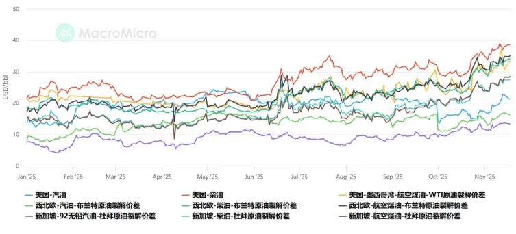 俄罗斯炼油产能锐减直接推高了海外成品油裂解价差。数据显示,2025年11月中旬以来,海外成品油裂解价差呈全线飙升态势,柴油领涨各类油品,衡量炼油利润的核心指标3-2-1裂解价差创近两年新高,炼油行业迎来高盈利周期。11月18日,全球3-2-1裂解价差触及$32.13/桶,为2024年3月以来最高水平,较10月均值上涨超30%,反映全球炼油利润显著增厚。
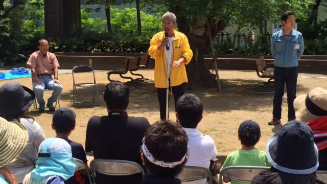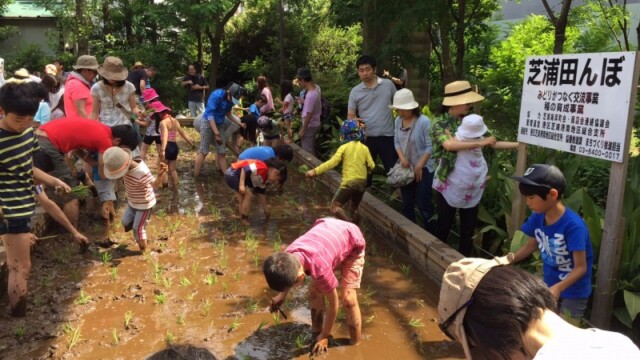 ・冒頭、芝浦海岸町会商店会会長を務める中島町会長より、挨拶を行い、「昨年より田んぼはこの芝浦公園に移りましたが、田んぼの土が育つには10年かかるといいます。子供たちが育つのにも多くの時間がかかります。まわりの大人たちがその成長を見守ってあげ
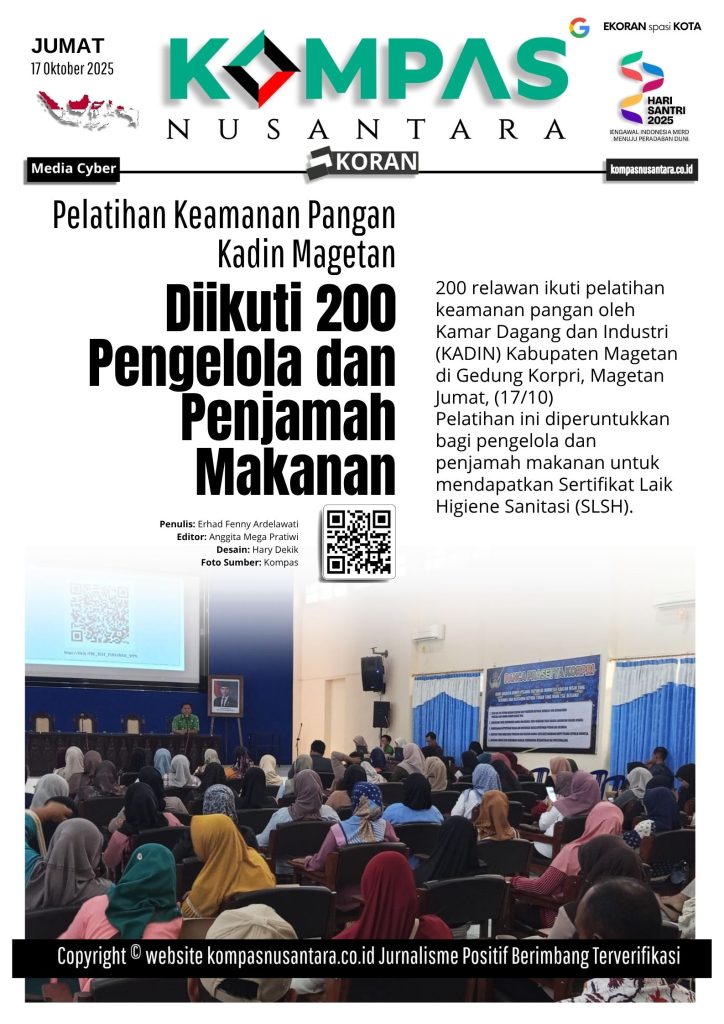 Azis suhermanto, Ketua Kadin Magetan mengatakan bahwa pelatihan keamanan pangan ini diperuntukkan bagi pengelola dan penjamah makanan, hal ini merupakan salah satu langkah untuk meningkatkan pengetahuan dan keterampilan dalam praktik penanganan makanan yang aman dan higienis agar mencegah penyakit bawaan makanan dan memastikan keamanan pangan bagi konsumen.
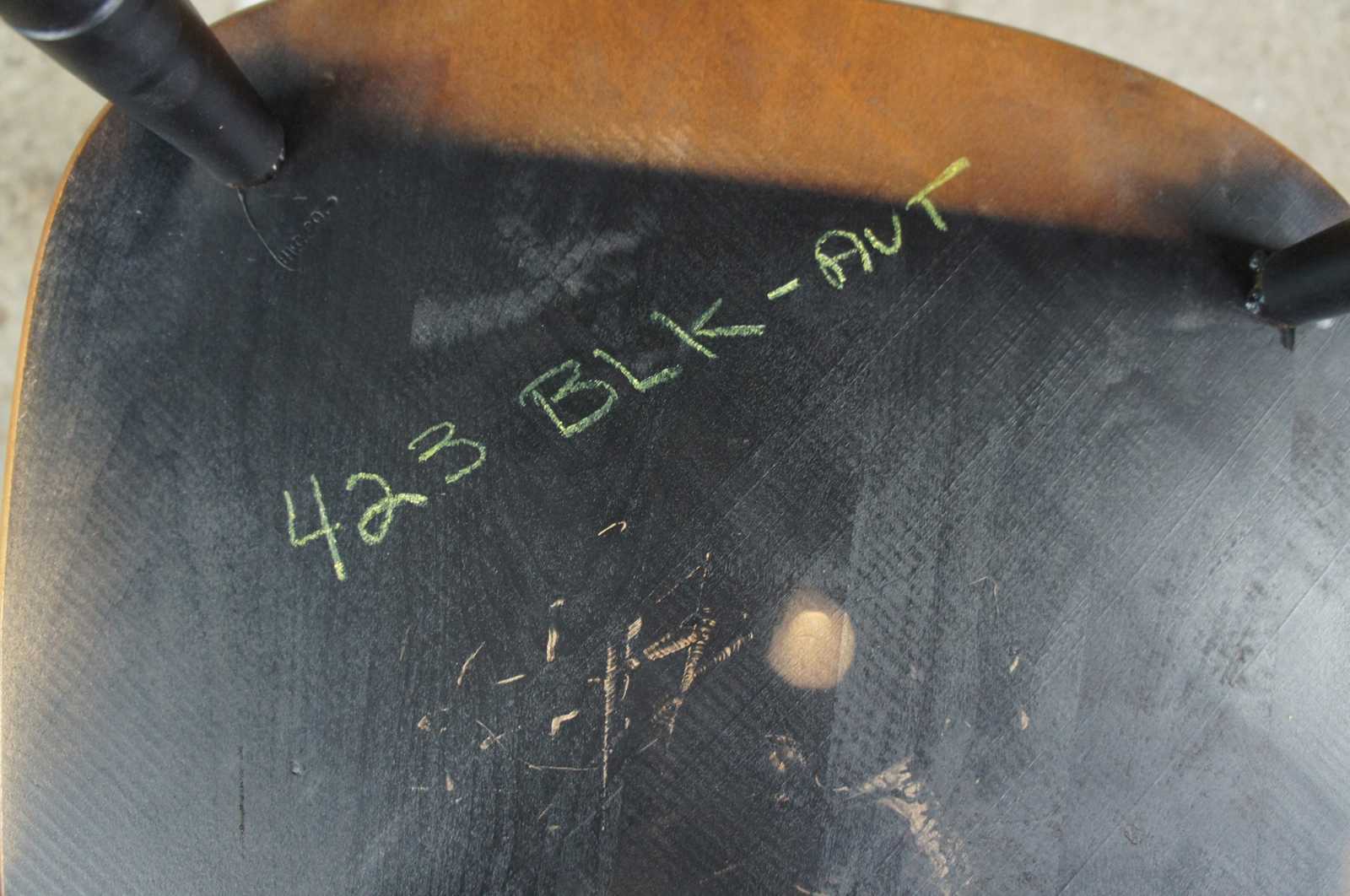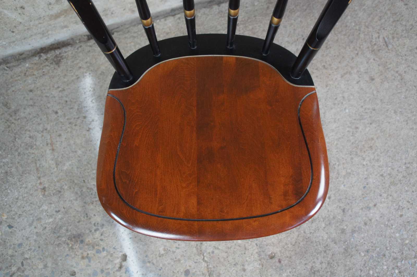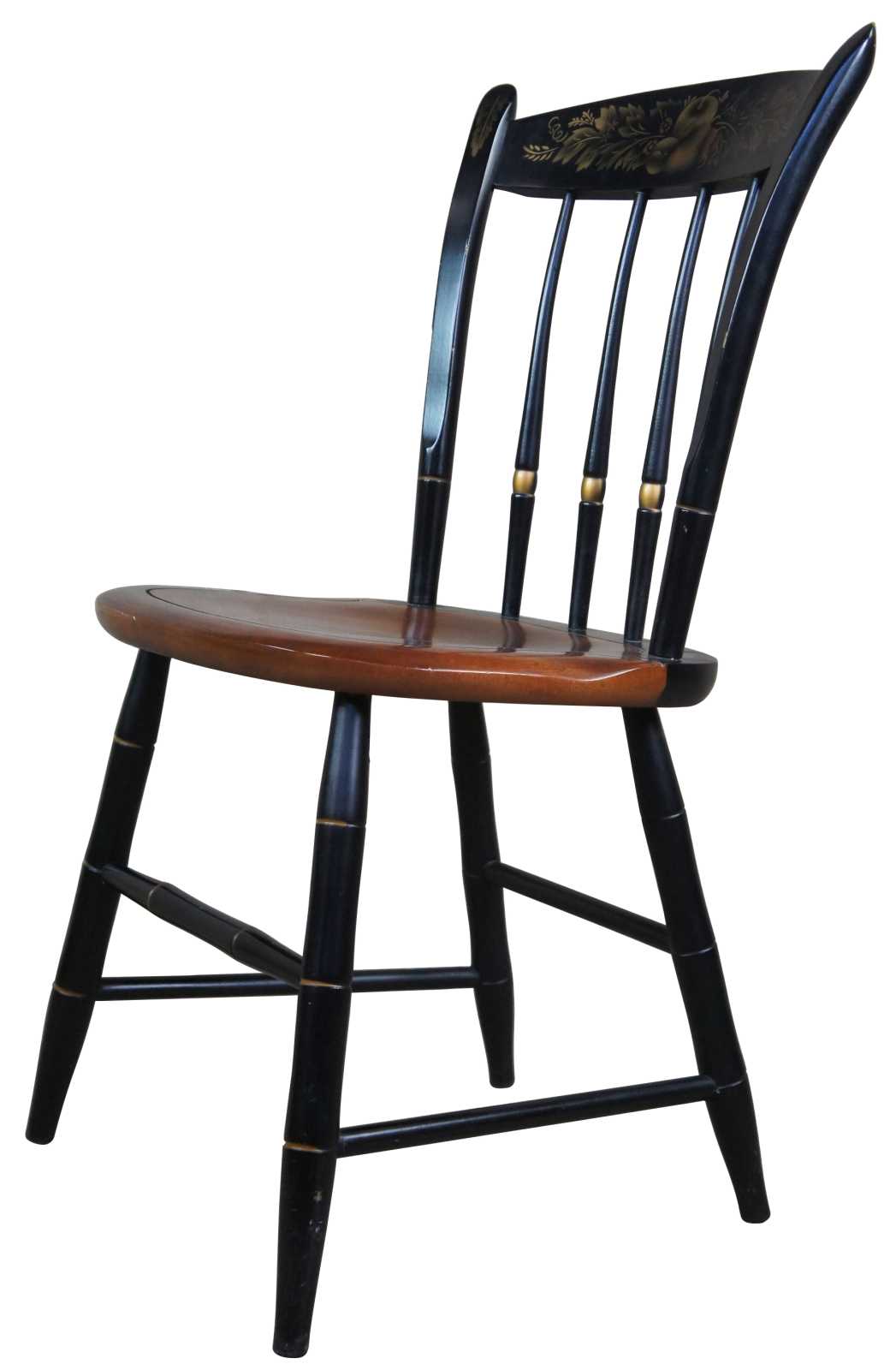 L Hitchcock black harvest country farmhouse side chair. Made of maple featuring ebonized and stenciled accents, slatted back, and turned posts. 423 Blk - Aut.

→ Brief: What is needed here is an exact repetition of the listing above, pictures excluded.

→ Response:
 俄罗斯炼油产能锐减直接推高了海外成品油裂解价差。数据显示,2025年11月中旬以来,海外成品油裂解价差呈全线飙升态势,柴油领涨各类油品,衡量炼油利润的核心指标3-2-1裂解价差创近两年新高,炼油行业迎来高盈利周期。11月18日,全球3-2-1裂解价差触及$32.13/桶,为2024年3月以来最高水平,较10月均值上涨超30%,反映全球炼油利润显著增厚。
 ・冒頭、芝浦海岸町会商店会会長を務める中島町会長より、挨拶を行い、「昨年より田んぼはこの芝浦公園に移りましたが、田んぼの土が育つには10年かかるといいます。子供たちが育つのにも多くの時間がかかります。まわりの大人たちがその成長を見守ってあげ
 Azis suhermanto, Ketua Kadin Magetan mengatakan bahwa pelatihan keamanan pangan ini diperuntukkan bagi pengelola dan penjamah makanan, hal ini merupakan salah satu langkah untuk meningkatkan pengetahuan dan keterampilan dalam praktik penanganan makanan yang aman dan higienis agar mencegah penyakit bawaan makanan dan memastikan keamanan pangan bagi konsumen.
 L Hitchcock black harvest country farmhouse side chair. Made of maple featuring ebonized and stenciled accents, slatted back, and turned posts. 423 Blk - Aut.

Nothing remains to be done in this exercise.